Ardía, dolía es lo que decía el rostro del albino al sentir como su piel, su carne colgaba dando el aspecto del más exquisito manjar para un necrófago. Mordía su labio inferior el dolor era cada vez mayor la brisa fría del bosque se infiltraba hasta lo más profundo de sus heridas brindándole más ardor en ellas, la sangre que escurría se fue tornando marrón, el olor de ella adentrándose hasta las profundidades de sus fosas nasales ocasionándole la sutil sensación de nauseas.
-Esto es divertido pero ya me canse- dijo el noah que tiro la garra que reboto en un árbol haciendo un profundo eco al caer al suelo. Dio vuelta al albino para colocarse frente a él y que le mirase con odio profundo- Veamos que mas podemos hacer shonen- una mueca macabra se formo en su rostro.
Se relamió los labios en un gesto de lujuria, su mano se dirigió al rostro del exorcista con su dedo recorrió desde la barbilla hasta la base del cuello, bajando mas hasta una de sus tetillas, la cual hizo presa con su índice y dedo medio.
-Linda- expreso al presionarla con ellos.
-Deja de hacer eso maldito- dijo entre dientes debido al dolor que poseía su cuerpo al tener la carne viva expuesta, pero su fuerza le dio para darle una patada al noah, quien solo se soltó a reír a lo alto dejando que los ecos de su risa mezquina resonaran por todo el bosque.
Jalo mas fuerte ese pezón, hasta provocar que el albino bramara de dolor, con su uña delineo su contorno logrando estremecerlo, haciendo que la piel reaccionara poniéndose dura. Siguió jugando con él hasta pasar al otro en donde hizo lo mismo hasta dejarlo rojizo.
-Que lindos son- exclamo- poseen un delicado tono pomelo- No dejo que le contestara pues había aplicado más presión a uno de ellos.
-No me toques más pervertido.
Bajo su mano acariciando la piel del exorcista.
-Que es lo que hare primero shonen.
-¿Qué acaso no has tenido suficiente?
-No- fue su simple respuesta.
Su mano traspaso el estomago de Allen, quien abrió los ojos en sorpresa y terror al sentirlo. Removió su brazo hasta dejar solo su mano dentro, movió sus dedos dentro de él, logrando tocar con ellos algunos de sus órganos internos, rozándolos con sus uñas lacerándolos un poco.

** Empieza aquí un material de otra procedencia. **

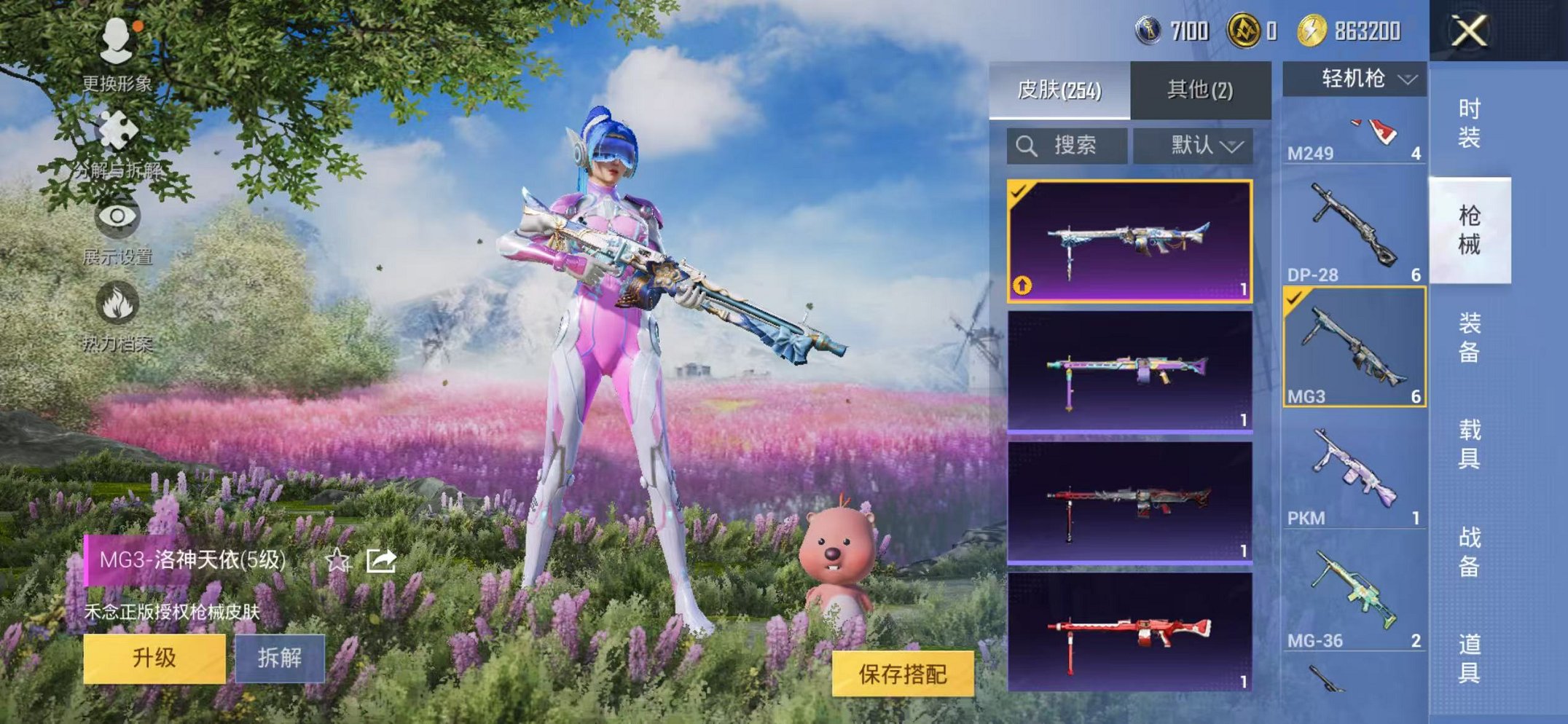 678-可二次【梦幻洛天依 9粉装7特效枪可秒换绑】 苹果Q区-76784热力值--185套装-253枪皮 【9粉装】 梦幻火箭 洛天依 圣堂之誓 角色-小蓝 角色-美雪 角色-美琪 角色-严莉莉 角色-智耀战神 角色-冷漠罗丽【7特效枪】 SCAR-L-梦幻火箭(7级) AKM-炫紫旋律(7级) MG3-洛神天依(5级) M416-电玩时刻(5级) P90-冷漠罗丽(6级) Kar98K-巳巳如意(5级) DP-28-豹影疾电(5级)【53热门】 M416-蓝色火焰 GROZA-异彩先驱 GR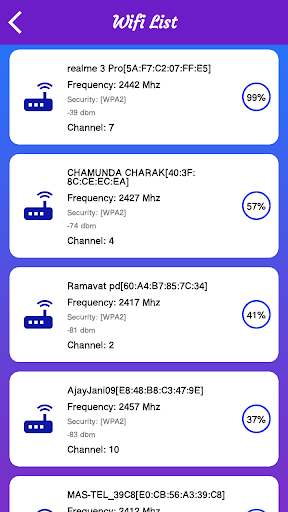 L'app aggiorna costantemente la potenza del segnale WiFi in modo da poter camminare per casa, lavoro o ovunque per trovare la migliore resistenza del segnale WiFi.Quindi puoi utilizzare l'app per monitorare la potenza del segnale WiFi.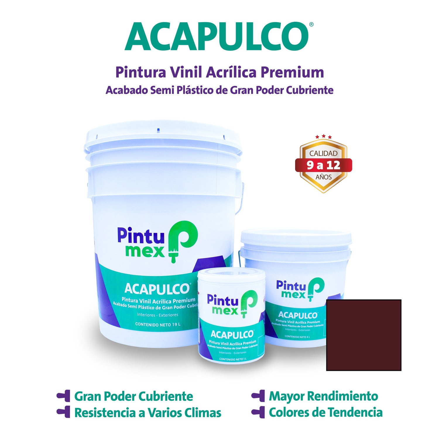 ACAPULCO es una pintura base agua con ACABADO MATE PLASTIFICADO DE LUJO, 100% LAVABLE con un GRAN PODER CUBRIENTE, RENDIMIENTO y RESISTENCIA IDEAL PARA CUALQUIER TIPO DE CLIMA. Recomendado para INTERIORES Y EXTERIORES. Rendimiento de 9 a 10 m² por litro

Removió mas sus dedos sintiendo lo ligoso del interior del exorcista, quien estaba aterrado y con dolor por qué ese loco estaba arañándolo por dentro. Satisfecho tan solo un poco saco su mano de la manera más dolorosa, lamio sus dedos probando cada gota del líquido carmesí del albino.
-Tienes un par de costillas quebradas de seguro que eso debe de doler- exclamo mientras terminaba de relamerse los dedos.
-Eres repugnante - con el dolor en su rostro.
El noah termino de lamerse los dedos cuando poso su mirada en el peliblanco. Rio de nuevo. Coloco sus manos sobre el cinturón del exorcista de manera lenta quito sus pantalones bajándolos, recorriendo con su vista y dedos las blancas piernas del albino.
-Suéltame maldito ¿qué es lo que pretendes hacer?, ¿qué esperas lograr con todo lo que me has hecho?
-¿Lograr?- repitió desde abajo pues se había agachado para quitarle las botas junto con los pantalones- solo un poco de diversión eso es todo shonen.
Aventó los pantalones lejos de ellos junto con las botas, recorrió con su dedo una de las piernas de albino sintiendo el erizar de los bellos.
-Posees una bellas piernas podías ser la envidia de muchos y muchas.
-No me interesa tu halago- removiéndose para que lo dejara de tocar.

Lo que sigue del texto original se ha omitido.